CASE RECORDS OF THE VUK VRHOVAC UNIVERSITY CLINIC

Spomenka Ljubic, Nikica Car, Ivana Pavlic-Renar, Zeljko Metelko

Vuk Vrhovac Institute, University Clinic for Diabetes, Endocrinology and Metabolic Diseases,
Dugi dol 4a, 10000 Zagreb, Croatia

Case Report

Received: June 7, 1999

CASE PRESENTATION

A 48-year-old man was admitted to the hospital for glycemic control and evaluation of late complications of diabetes mellitus. Care was focused on skin lesions of both pretibial areas (Fig. 1).
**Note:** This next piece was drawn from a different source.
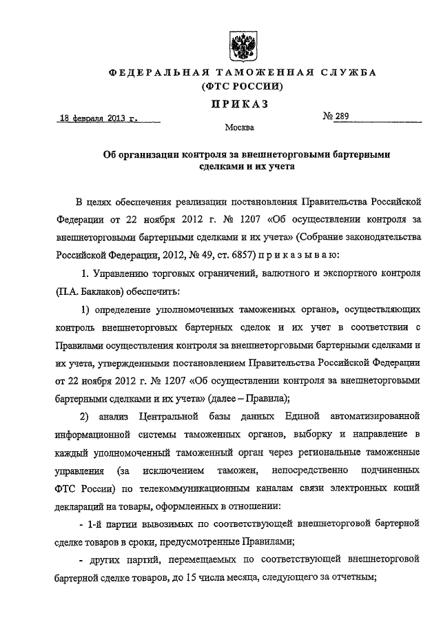 ПРИКАЗ ФТС РФ от 18.02.2013 N 289
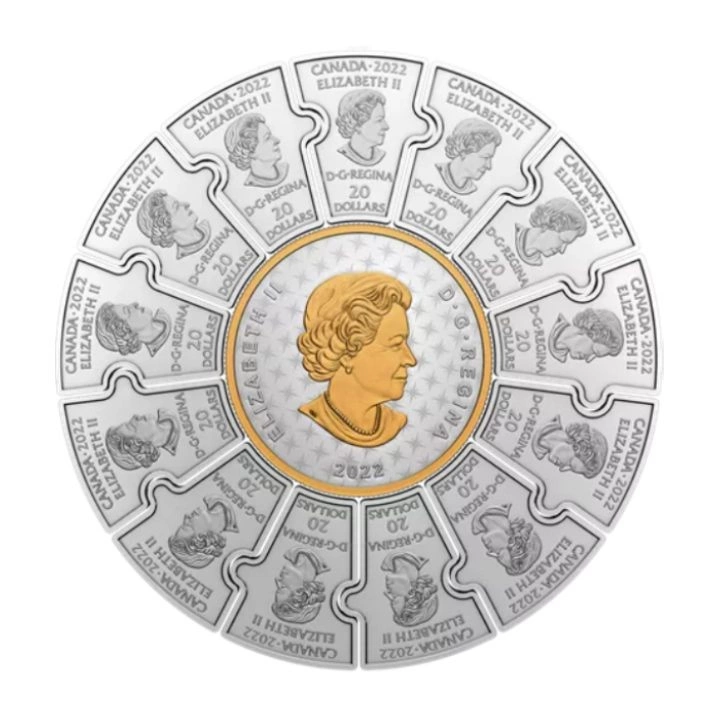 Sada Kanada: Kanadské pasáže barevná 14 stříbrných mincí puzzle 2022 Proof

Figure 1. Lower leg skin lesions in our patient with diabetes mellitus


Figure 1

Clinical diagnosis was necrobiosis lipoidica. Until then, the patient had suffered no diseases except for an operation of the right leg ten years before because of variceal bleeding. Diabetes mellitus had been diagnosed two years before, and the patient was receiving an oral hypoglycemic agent, gliquidone. On admission, he was on one tablet of gliquidone in the morning. He was not on diet, and reported a weight loss of 12 kg over the past two years. The patient's blood pressure was 130/90 mm Hg, body temperature 36.4 °C, pulse 86, and he reported no problems with his appetite, stool or urination. There was no history of smoking or alcohol ingestion. The results of physical examination were normal, with the exception of some areas of atrophic hyperpigmented skin on both pretibial regions and swelling of the right lower leg. Laboratory test results showed considerable elevation of glycemia and glycated hemoglobin (HbA1c, 16.46%), and slight elevation of the blood leukocyte count, total cholesterol and LDL-cholesterol. Radiography showed hilar enlargement. Funduscopy pointed to nonproliferative retinopathy and maculopathy bilaterally. Neurologic examination indicated mild polyneuropathy.
As mentioned above, attention was focused on skin lesions, thus skin biopsy was performed. The pathohistologic finding pointed to the diagnosis of granuloma annulare. The biopsy material was also submitted to direct immunofluorescent test (DIF). IgA± deposits, C3++, C1q(+) and fibrinogen were found in the blood vessels of the corium.

DISCUSSION

Granuloma annulare and necrobiosis lipoidica are cutaneous lesions that share certain clinical and pathologic features, and may occur simultaneously in patients with diabetes mellitus. Their occurrence used to be primarily related to diabetes mellitus, however, recent studies have pointed to their association with many systemic diseases, i.e. they are considered as one of their external manifestations (1,2). Sarcoidosis, autoimmune thyroiditis, Crohn's disease, ulcerative colitis, systemic lupus erythematosus, Wegener's granulomatosis, Churg and Strauss granulomatosis, have been mentioned, with the accent placed on their association with rheumatoid arthritis (3). Some studies point to viral infection as the cause of immune complex-mediated immune reaction, i.e. immune vasculitis might be involved in the pathogenesis of these lesions (4,5). Cytomegalovirus, adenovirus, and Epstein-Barr virus have been mentioned as the possible pathogens. In systemic diseases as well as in viral infections, the vasculitic component in the development of such lesions should not be neglected (3).
In our patient, histology with special staining (toluidine) revealed collagen tissue degeneration, with lymphocytes and histiocytes palisading along the border. The finding of mucin corresponded to the histologic feature of granuloma annulare (1,6). The DIF finding might correspond to leukocytoclastic vasculitis, however, typical leukocytes for this clinical entity have not been described (5,7,8). It should be noted that a different DIF finding could have been due to the presence of chronic lesions in our patient. There were varices on his lower legs, which may cause atrophy and hyperpigmentation of the skin due to their tendency to ulceration.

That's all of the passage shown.